Apresiasi Nazeef, Haji Oma Dorong Ekosistem Olahraga Usia Dini di Karawang

|

GUGAH – Wakil Ketua I DPRD Kabupaten Karawang H. Oma Miharja Rizki, S.H., M.H., memberikan apresiasi mendalam terhadap prestasi yang diraih Nazeef Khan Raziq Ithar Mandalika, siswa SD Abata Telukjambe yang menunjukkan potensi luar biasa dalam sepak bola usia dini.

Bagi Haji Oma, pencapaian ini bukan sekadar kebanggaan pribadi, melainkan cerminan potensi besar yang dimiliki anak-anak Karawang dan sekaligus pengingat akan pentingnya pembinaan sejak usia dini.

“Saya mengucapkan selamat dan memberikan apresiasi kepada Nazeef atas prestasi yang diraih. Teruslah belajar, berlatih, disiplin dan jangan pernah takut memiliki cita-cita besar. Semoga prestasi ini menjadi awal perjalanan untuk meraih prestasi yang lebih tinggi,” ujar Haji Oma, kepada awak media, belum lama ini.

Haji Oma menegaskan bahwa olahraga tidak hanya berbicara soal kemenangan, medali, atau piala. Lebih dari itu, aktivitas olahraga adalah sarana pendidikan karakter yang sangat berharga bagi anak-anak. Dalam proses latihan maupun pertandingan, anak belajar tentang kedisiplinan, kerja keras, sportivitas, tanggung jawab, kebersamaan, serta rasa hormat kepada rekan dan lawan.

Baca Juga:  Sayembara Tangkap Begal Tuai Kekhawatiran, Dua Remaja Tak Bersalah Dikeroyok Massa di Karawang

“Olahraga mengajarkan anak untuk disiplin, bekerja keras, menghargai proses dan menjunjung sportivitas. Nilai-nilai seperti inilah yang harus kita tanamkan sejak usia dini karena mereka merupakan generasi penerus Karawang,” ujarnya.

Karawang, menurut pandangannya, memiliki banyak anak dengan potensi besar di berbagai bidang. Potensi tersebut perlu ditemukan, dibina, dan diberi ruang agar dapat berkembang secara maksimal.
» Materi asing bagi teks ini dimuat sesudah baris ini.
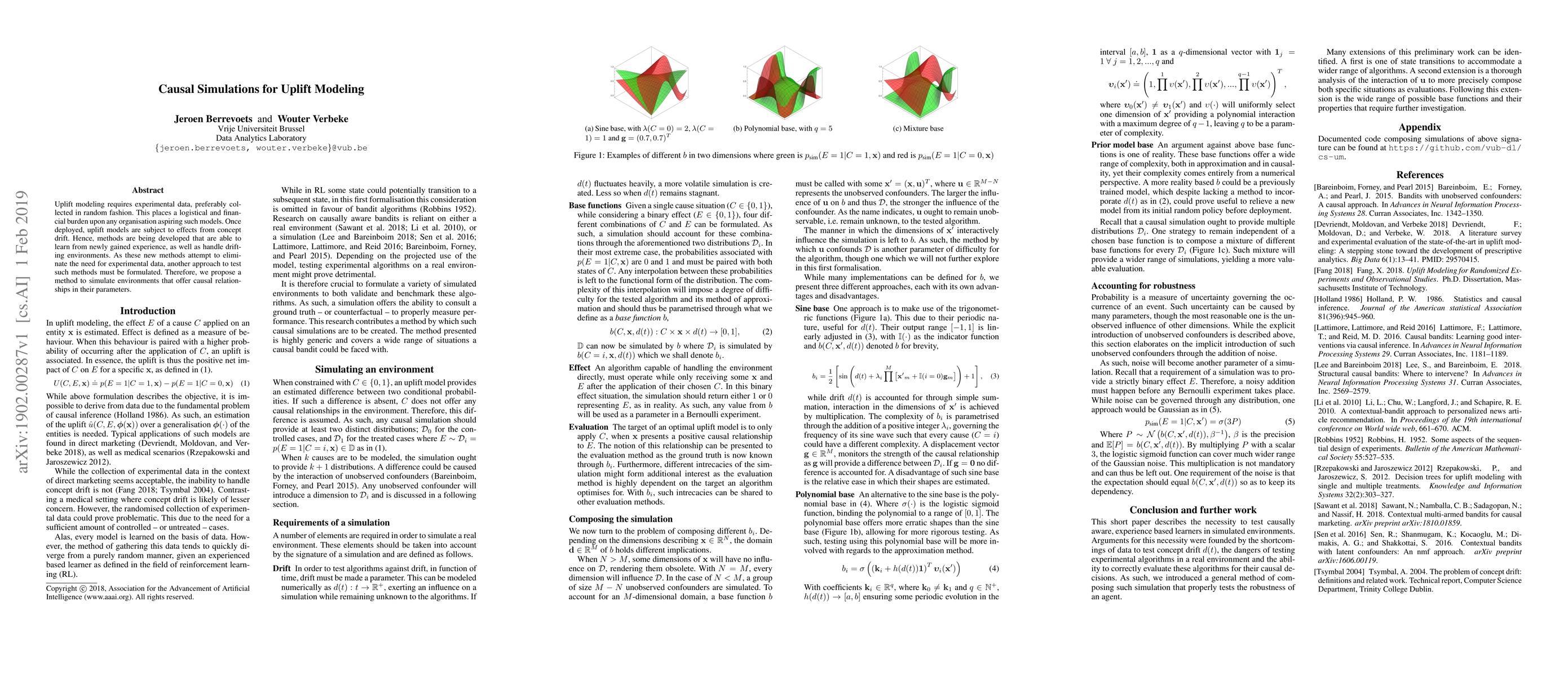 Uplift modeling requires experimental data, preferably collected in random fashion. This places a logistical and financial burden upon any organisation aspiring such models. Once deployed, uplift models are subject to effects from concept drift. Hence, methods are being developed that are able to learn from newly gained experience, as well as handle drifting environments. As these new methods attempt to eliminate the need for experimental data, another approach to test such methods must be formulated. Therefore, we propose a method to simulate environments that offer causal relationships in their parameters.

Perhatian dan dukungan tidak boleh baru diberikan ketika seorang anak telah menjadi atlet terkenal atau meraih prestasi tingkat nasional. Justru pada tahap awal membangun kemampuan dan kepercayaan diri, dukungan sangatlah krusial.

“Jangan sampai ada anak Karawang yang mempunyai bakat besar tetapi kemudian berhenti karena tidak mendapatkan kesempatan dan dukungan. Kita harus hadir sejak mereka masih berada pada tahap pembinaan,” tegasnya.

Pembinaan olahraga anak yang berkelanjutan, lanjut H. Oma, tidak bisa dilakukan sendirian. Diperlukan sinergi antara pemerintah daerah, sekolah, organisasi olahraga, klub, pelatih, dunia usaha, orang tua, hingga masyarakat luas. Pembinaan yang berjenjang dan kompetisi yang sehat sangat diperlukan agar potensi anak dapat berkembang secara terarah.

Baca Juga:  Slank Kembali ke Bandung, Kenang Debut Formasi Bertahan Hampir Tiga Dekade

“Tidak ada atlet besar yang lahir secara instan. Ada latihan panjang, pelatih, keluarga, sekolah dan lingkungan yang mendukung di belakang keberhasilan seorang atlet. Karena itu pembinaan harus dilakukan secara konsisten dan berkelanjutan,” ujarnya.

Ia berharap semakin banyak kompetisi olahraga usia dini yang dapat menjadi tempat bagi anak-anak Karawang untuk mengasah kemampuan sekaligus mengumpulkan pengalaman bertanding.

Prestasi Nazeef diharapkan menjadi motivasi bagi anak-anak lainnya, baik di Telukjambe maupun di seluruh Kabupaten Karawang. H. Oma berpesan agar Nazeef tetap mengutamakan pendidikan sekaligus konsisten mengembangkan kemampuan sepak bolanya.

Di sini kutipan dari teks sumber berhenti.